Алекс посмотрел в направлении, куда указывала впечатлительная подруга.

– Морские цыгане, – сказал он и качнул пузатым бокалом, из которого до Олесиного носа тут же донесся терпкий аромат винограда и старого дуба, – я как-то путешествовал с ними целый месяц.

Олеся взглянула на него с восторженным ужасом.

– И ты не испугался?

– Чего?!

– Ну не знаю, – она повела плечами, – дикие люди, дикие нравы.

– Это в Москве нравы дикие. Ты же не боишься там жить?!

– А чем они промышляют?

– Как и обычные цыгане – чем бог пошлет. Только вместо лошадей у них лодки. Но тяга к свободе такая же, а может быть, даже и сильнее. Правительство как-то попыталось их приручить, выделило коттеджи под жилье, построило школы и торговые центры – ничего не вышло. Тот, кто рожден свободным и чьи предки никогда не знали ярма, вряд ли оценит блага цивилизации и предпочтет их кочевой жизни.

Олеся посмотрела на слабо колыхающиеся борта деревянных рыбин, вдохнула запах соли и йода, припомнила морских чудовищ из Ванькиной детской книжки о монстрах и огромные волны, нарисованные на первой странице, и тут же захотела домой, под сень уютного абажура в безопасном комфорте жилища с нормальной крышей над головой, центральным отоплением и холодильником, полным всяческой снеди.

– Кошмар, как люди живут! – воскликнула она, поеживаясь.

Алекс взглянул на нее с иронией.

– В прошлом году один мой приятель из местных в первый раз ездил в Бангкок по делам своей жены. Вернулся в шоке. Говорит, еле ноги унес, дышать нечем, ходят все в затылок друг за другом. Его там еще и ограбили. Поклялся, что больше ни ногой. Нанял посредника, хотя не сказать чтоб у него водились лишние бабки.

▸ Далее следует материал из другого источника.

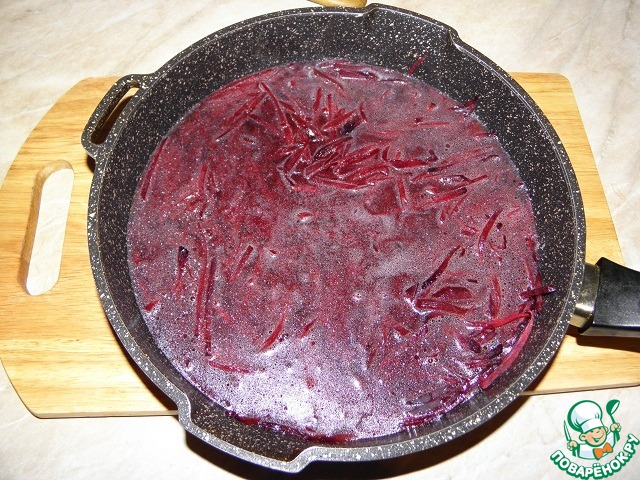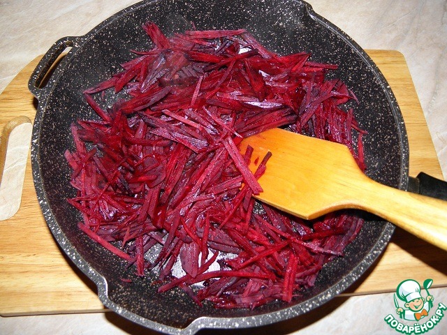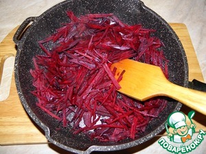 Разогреваем сковороду с топленым салом (я использовала растительное масло) и обжариваем свеклу в течении 12 минут

– А цунами? – завредничала Олеся.

– А гипертонические кризы и рак?

– Нищета?

– Террористы? – парировал Алекс.

– Вот именно. Везде есть свои плюсы и минусы.

– Назови-ка свои, – потребовал он, с интересом оглядывая подругу с ног до головы, – очень хочется позавидовать.

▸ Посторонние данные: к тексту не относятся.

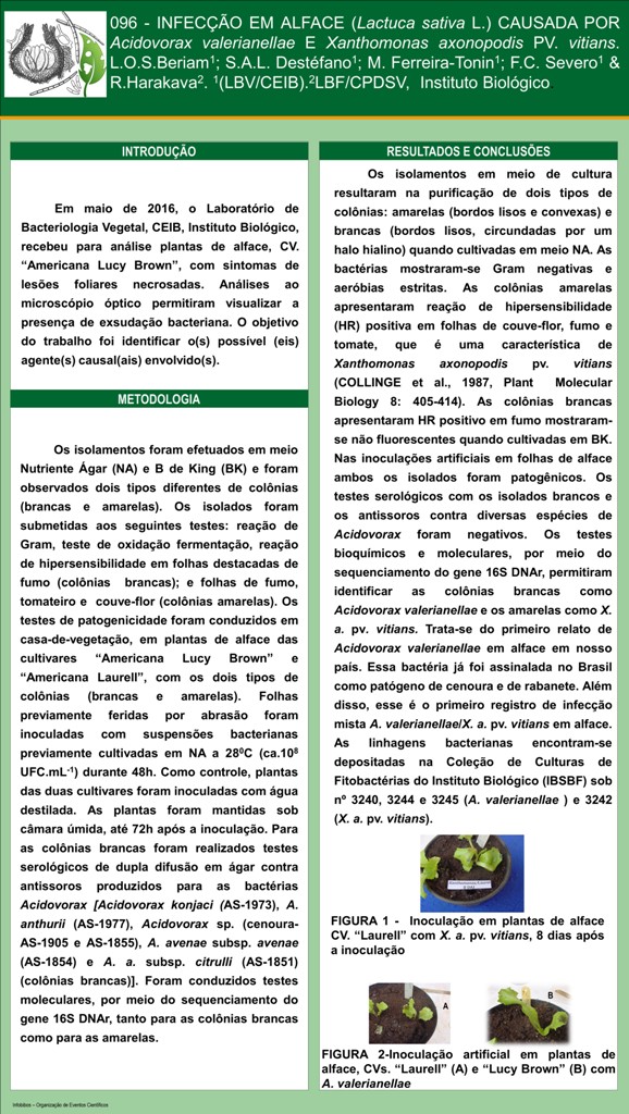 INFECÇÃO EM ALFACE (Lactuca sativa L.) CAUSADA POR Acidovorax valerianellae E Xanthomonas axonopodis PV. vitians

Олеся поупрямилась, но потом сдалась.

– Деньги, – вынесла она свой вердикт.

– Можно и здесь заработать при желании, – тут же откликнулся Алекс.

– Но не такие, как в Москве.

– А на что тебе иметь «такие»? Ты их собираешься с собой в загробную жизнь взять?

– Бабла много не бывает, – убежденно произнесла Олеся расхожую фразу.

– Если только чахнуть над ним, как Кощей Бессмертный, или пускать в дело, как Скрудж. Ты хочешь завести заводы и пароходы? В этом видишь смысл своей никчемной жизни? Хорошо, – согласился парень, – допустим. Что еще?

Олеся поколебалась.

– Культурный досуг.

– А… Это театры, кино, консерватория и мюзик-холл? Или ты имеешь в виду шопинг?

– И то и другое, – набычилась Олеся.

– Часто ходишь в театр? Когда последний раз была в музее? Не представляешь себе жизни без искусства? Да ты, наверное, живешь во Флоренции? И вообще человек Возрождения?

– Не важно. Сама возможность… В любой момент…

– В десяти верстах отсюда есть храмовый комплекс, расстояние примерно такое же, как от тебя до любого музея, если не меньше. Ему три тысячи лет. Хочешь искусства – присоединяйся к археологам, узнаешь все не из музейного перевранного буклета, а из первых уст.

– Ты понимаешь, о чем я, – она начала раздражаться.

– Когда в последний раз слушала живую музыку?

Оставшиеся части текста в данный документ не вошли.